■ **Task prompt**
Look below for the line holding "CASSETTE TRUNK BAG" and the line holding "实体女装欧洲站洋气设计感花边领甜美淑微透白色衬衣春季新款特色". Repeat those two and everything between, exactly.

■ **Data**
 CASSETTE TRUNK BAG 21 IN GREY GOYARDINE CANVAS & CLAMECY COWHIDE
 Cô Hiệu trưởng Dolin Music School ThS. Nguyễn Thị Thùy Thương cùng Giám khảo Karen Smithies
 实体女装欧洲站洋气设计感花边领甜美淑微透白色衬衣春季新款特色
...
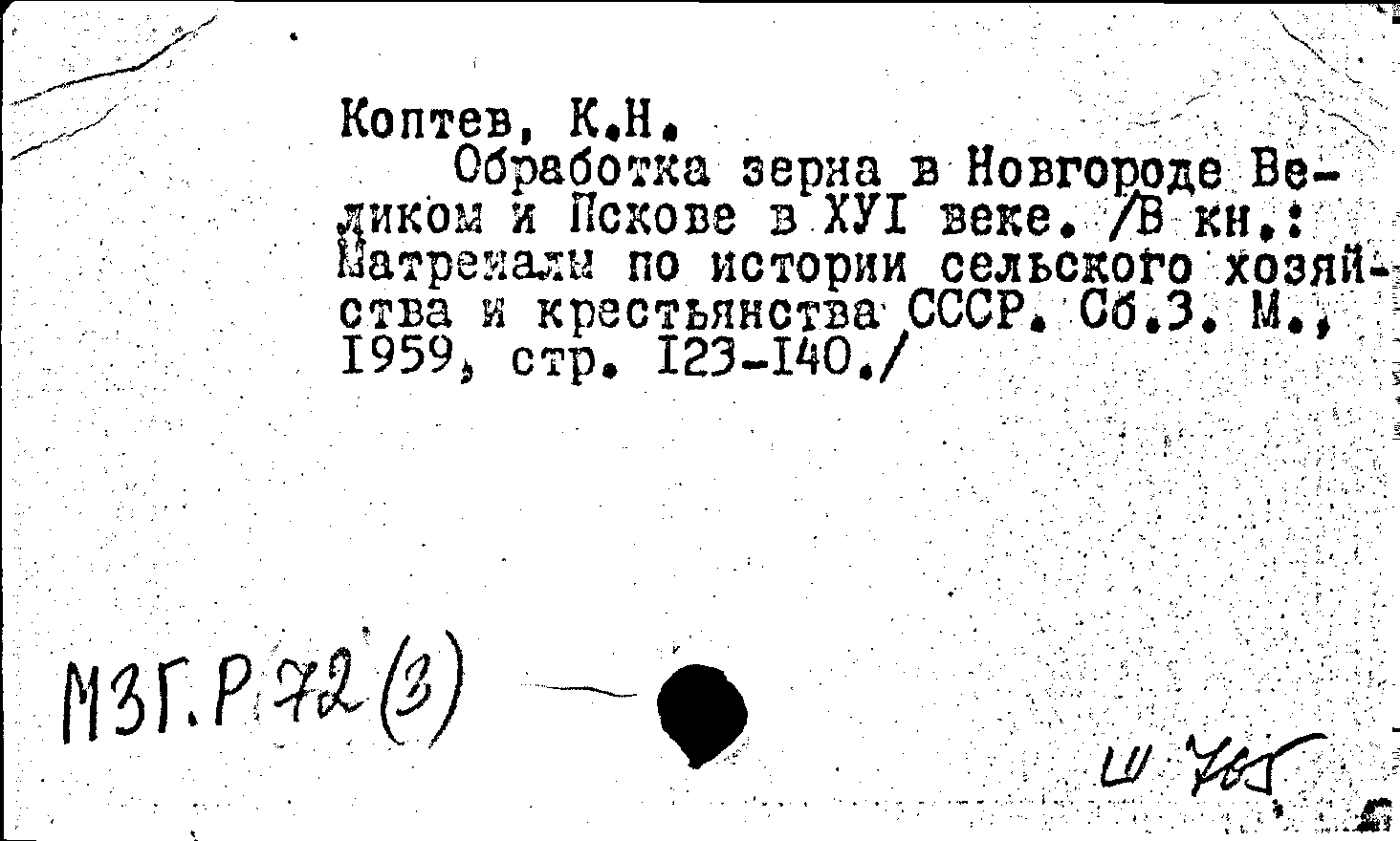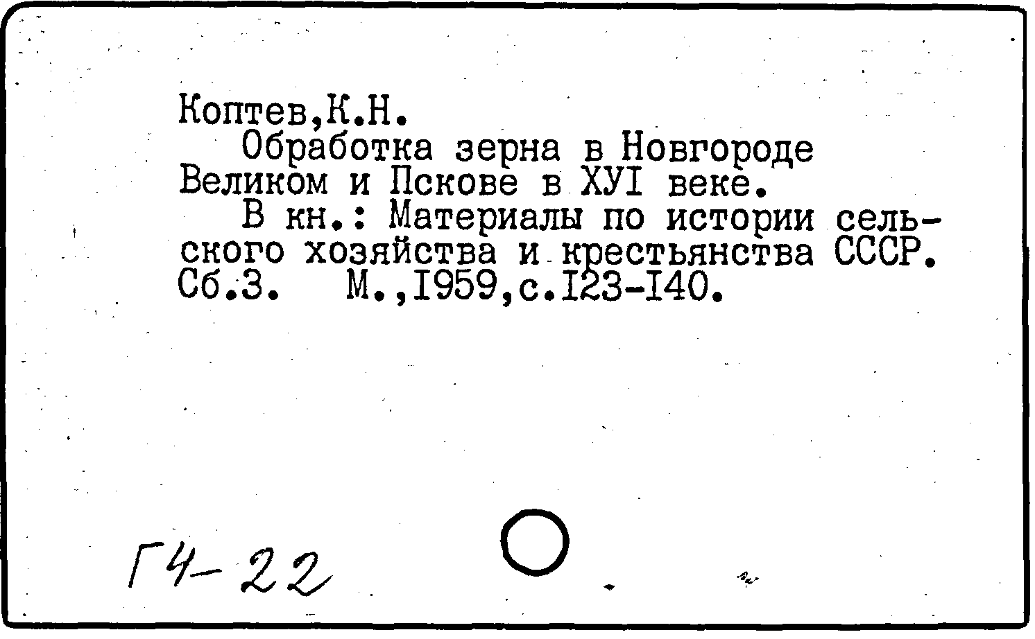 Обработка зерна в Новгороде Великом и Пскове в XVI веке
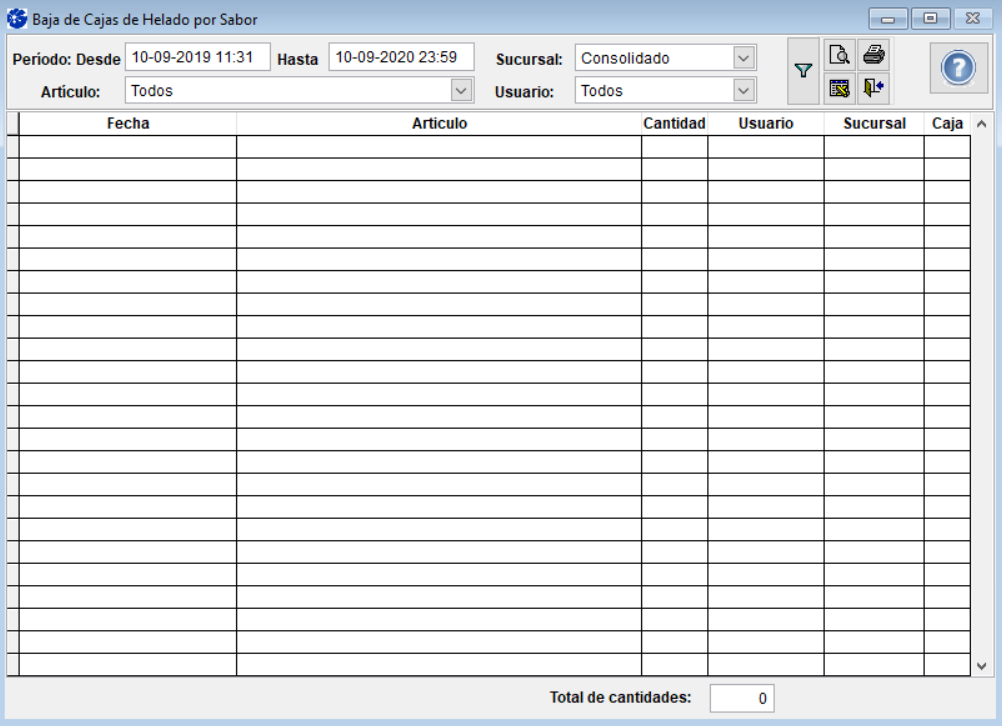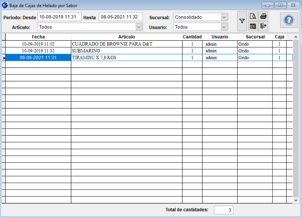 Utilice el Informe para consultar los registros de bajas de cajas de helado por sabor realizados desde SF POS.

■ **Response below**
 CASSETTE TRUNK BAG 21 IN GREY GOYARDINE CANVAS & CLAMECY COWHIDE
 Cô Hiệu trưởng Dolin Music School ThS. Nguyễn Thị Thùy Thương cùng Giám khảo Karen Smithies
 实体女装欧洲站洋气设计感花边领甜美淑微透白色衬衣春季新款特色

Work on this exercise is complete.